### Task goal
Write the listing out once more, identical to the original but without pictures.

### Data supplied
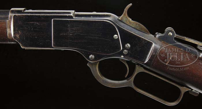 SCARCE SPECIAL ORDER WINCHESTER 1ST MODEL 1873 LEVER ACTION RIFLE. SN 29331. Cal.44 WCF (44-40). Standard grade rifle with 28″ oct bbl, half nickel front sight, short semi-buckhorn rear sight with checkered edges and a thick base tang sight with 4″ staff. Receiver has a mortised dust cover with impressed checkered thumbprint. Mounted with nicely figured, slab-sawed uncheckered American walnut with straight stock and crescent steel buttplate with trap. Left side of lower tang, under the wood, is stamped with assembly number “399” with matching assembly number in top tang channel of buttstock and inside toe of buttplate. Lever latch is the later style without threads. Accompanied by a Cody Firearms Museum letter identifying this rifle with 28″ oct bbl & plain trigger with no shipping information. 1st Model ’73s are scarce with special order features and given their early, immediate success with usually hard & continuous service on the American Frontier, today they are rarely found in orig configuration with high orig finish. PROVENANCE: Wes Adams Estate Collection. CONDITION: Very fine. Bbl retains 97-98% strong orig blue with only light sharp edge wear; magazine tube retains about 95% strong orig blue with fine pinpricks of surface discoloration and turning plum; receiver & sideplates retain 93-95% strong orig blue with some minor candy striping and cleaning scratches on sides, turning a little plum over receiver ring and bottom front, in the recess; hammer retains most of its orig case colors and the lever retains strong case colors on the sides, turned dark on outer faces; stock has a couple of minor chips and a few, very minor, scattered light nicks & scratches and retains most of its orig oil finish. Mechanics are crisp, brilliant shiny bore; shows little evidence of use retaining most of its orig factory blue on bolt face. 4-44588 JR422 (12,500-17,500)
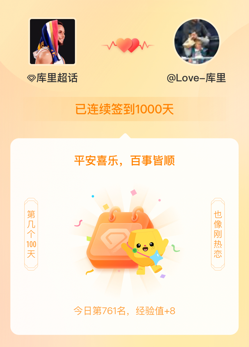 我在库里[超话]连续签到1000天啦[喵喵]
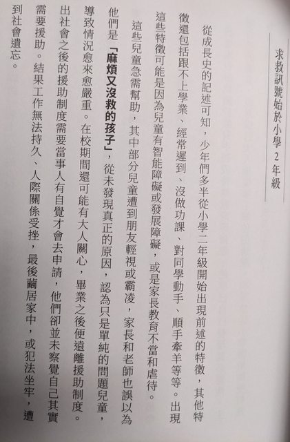 雖然這本書內的例子都是進入了犯罪,但他們的困境也跟家長不懂或不了解他們的問題有
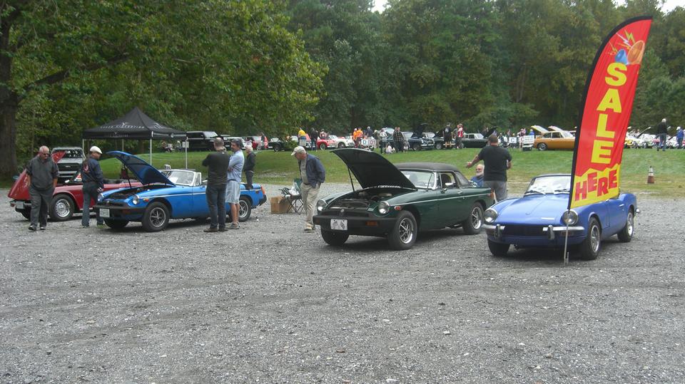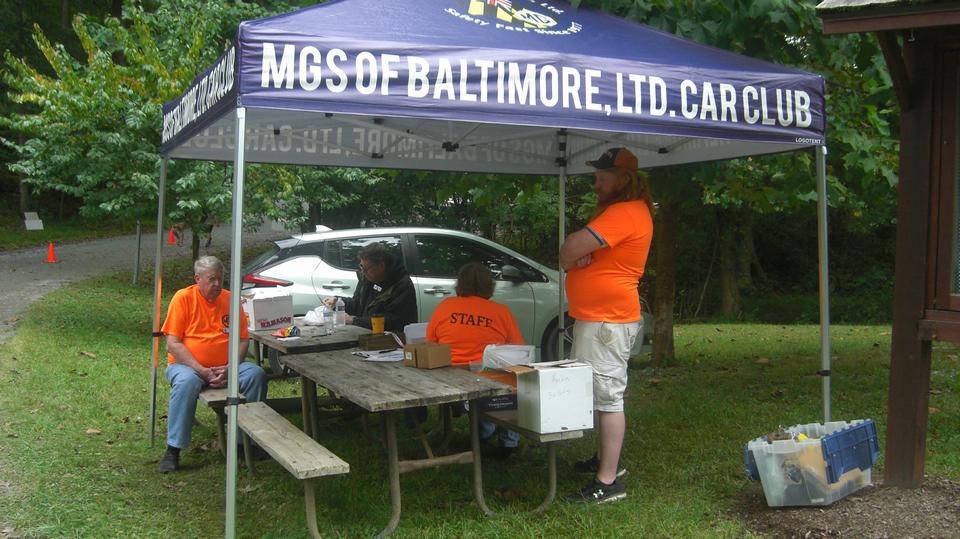 Taking a break to check out the peripherals before going on to the large number of "other British" (non-MG) cars. Say hello to the hard working registration folks at he entrance gate, they deserve a rest by now. Then a look at the cars presented for sale. One of those drove away as I was walking around to the front side.
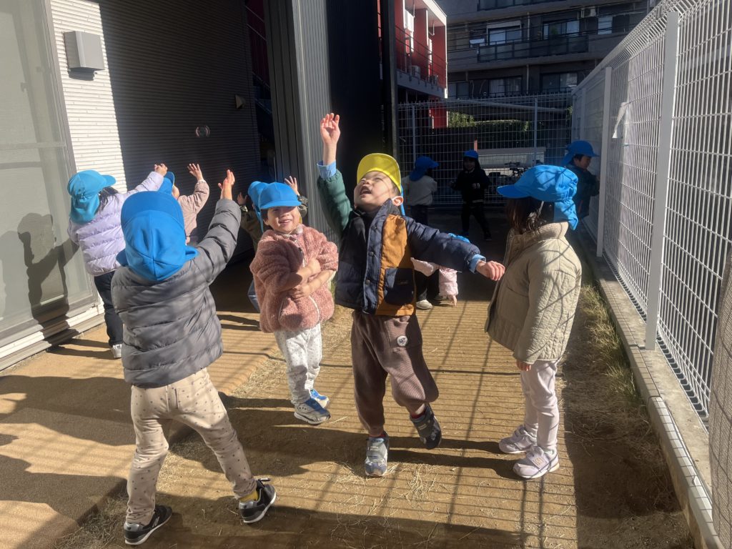 風が冷たくて「寒いねー🥶」と言うと「ぜーんぜん!寒くてもへっちゃらだよー!!」と寒さにも負けずに元気なかもめ組のみんな🎶
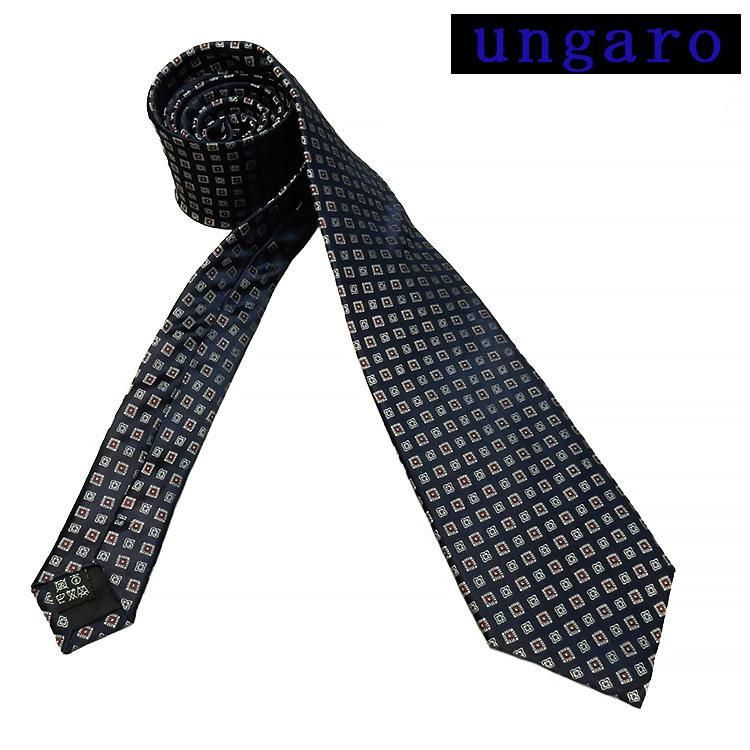 ◇ungaro◇イタリア製ネクタイ◇濃紺◇小紋◇シルク100%◇ウンガロ メール便可 ネクタイ ブランド
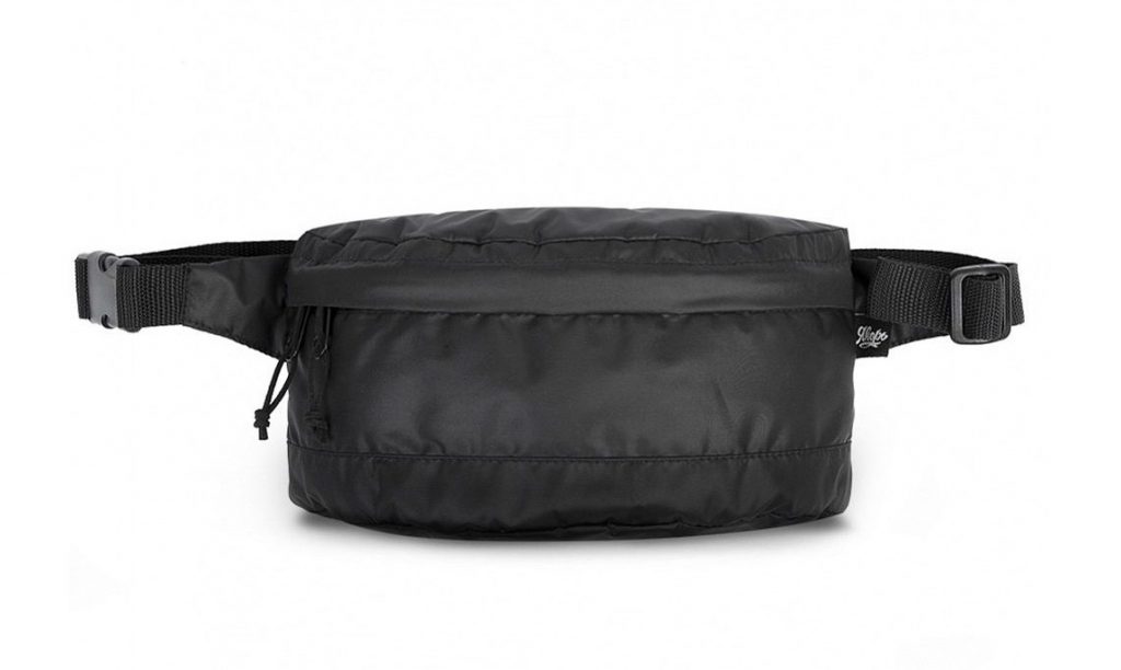 - При изготовлении используется неброская расцветка, к примеру, это черная сумка-бананка с надписью названия бренда.
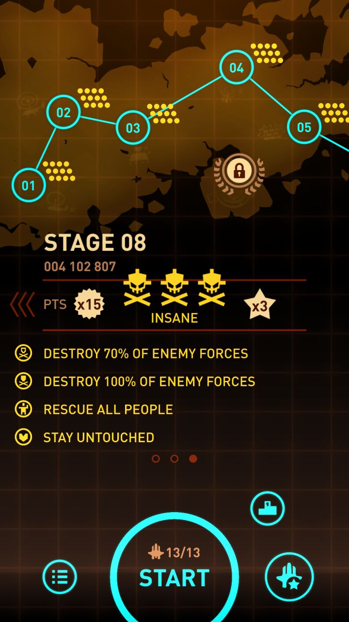 前前后后玩了大概两个月的时间吧,今天总算把最后一张卡片刷出来了,特来发表一个简易攻略。先说说战果吧,前10关全部12星通关,卡片飞机集齐,武器升级还差几个。首先是升级武器,个人建议优先升级翼炮,翼炮过量伤害可穿透目标,打小飞机可以一打多,然后是导弹,别看导弹只有两枚,但是伤害很足,特别是你解锁了最后一个导弹分裂飞机之后,导弹数量达到16枚,各种补刀不在话下,激光,护盾,核弹建议滞后升级,因为提

### Answer to this task
 SCARCE SPECIAL ORDER WINCHESTER 1ST MODEL 1873 LEVER ACTION RIFLE. SN 29331. Cal.44 WCF (44-40). Standard grade rifle with 28″ oct bbl, half nickel front sight, short semi-buckhorn rear sight with checkered edges and a thick base tang sight with 4″ staff. Receiver has a mortised dust cover with impressed checkered thumbprint. Mounted with nicely figured, slab-sawed uncheckered American walnut with straight stock and crescent steel buttplate with trap. Left side of lower tang, under the wood, is stamped with assembly number “399” with matching assembly number in top tang channel of buttstock and inside toe of buttplate. Lever latch is the later style without threads. Accompanied by a Cody Firearms Museum letter identifying this rifle with 28″ oct bbl & plain trigger with no shipping information. 1st Model ’73s are scarce with special order features and given their early, immediate success with usually hard & continuous service on the American Frontier, today they are rarely found in orig configuration with high orig finish. PROVENANCE: Wes Adams Estate Collection. CONDITION: Very fine. Bbl retains 97-98% strong orig blue with only light sharp edge wear; magazine tube retains about 95% strong orig blue with fine pinpricks of surface discoloration and turning plum; receiver & sideplates retain 93-95% strong orig blue with some minor candy striping and cleaning scratches on sides, turning a little plum over receiver ring and bottom front, in the recess; hammer retains most of its orig case colors and the lever retains strong case colors on the sides, turned dark on outer faces; stock has a couple of minor chips and a few, very minor, scattered light nicks & scratches and retains most of its orig oil finish. Mechanics are crisp, brilliant shiny bore; shows little evidence of use retaining most of its orig factory blue on bolt face. 4-44588 JR422 (12,500-17,500)
 我在库里[超话]连续签到1000天啦[喵喵]
 雖然這本書內的例子都是進入了犯罪,但他們的困境也跟家長不懂或不了解他們的問題有
 Taking a break to check out the peripherals before going on to the large number of "other British" (non-MG) cars. Say hello to the hard working registration folks at he entrance gate, they deserve a rest by now. Then a look at the cars presented for sale. One of those drove away as I was walking around to the front side.
 風が冷たくて「寒いねー🥶」と言うと「ぜーんぜん!寒くてもへっちゃらだよー!!」と寒さにも負けずに元気なかもめ組のみんな🎶
 ◇ungaro◇イタリア製ネクタイ◇濃紺◇小紋◇シルク100%◇ウンガロ メール便可 ネクタイ ブランド
 - При изготовлении используется неброская расцветка, к примеру, это черная сумка-бананка с надписью названия бренда.
 前前后后玩了大概两个月的时间吧,今天总算把最后一张卡片刷出来了,特来发表一个简易攻略。先说说战果吧,前10关全部12星通关,卡片飞机集齐,武器升级还差几个。首先是升级武器,个人建议优先升级翼炮,翼炮过量伤害可穿透目标,打小飞机可以一打多,然后是导弹,别看导弹只有两枚,但是伤害很足,特别是你解锁了最后一个导弹分裂飞机之后,导弹数量达到16枚,各种补刀不在话下,激光,护盾,核弹建议滞后升级,因为提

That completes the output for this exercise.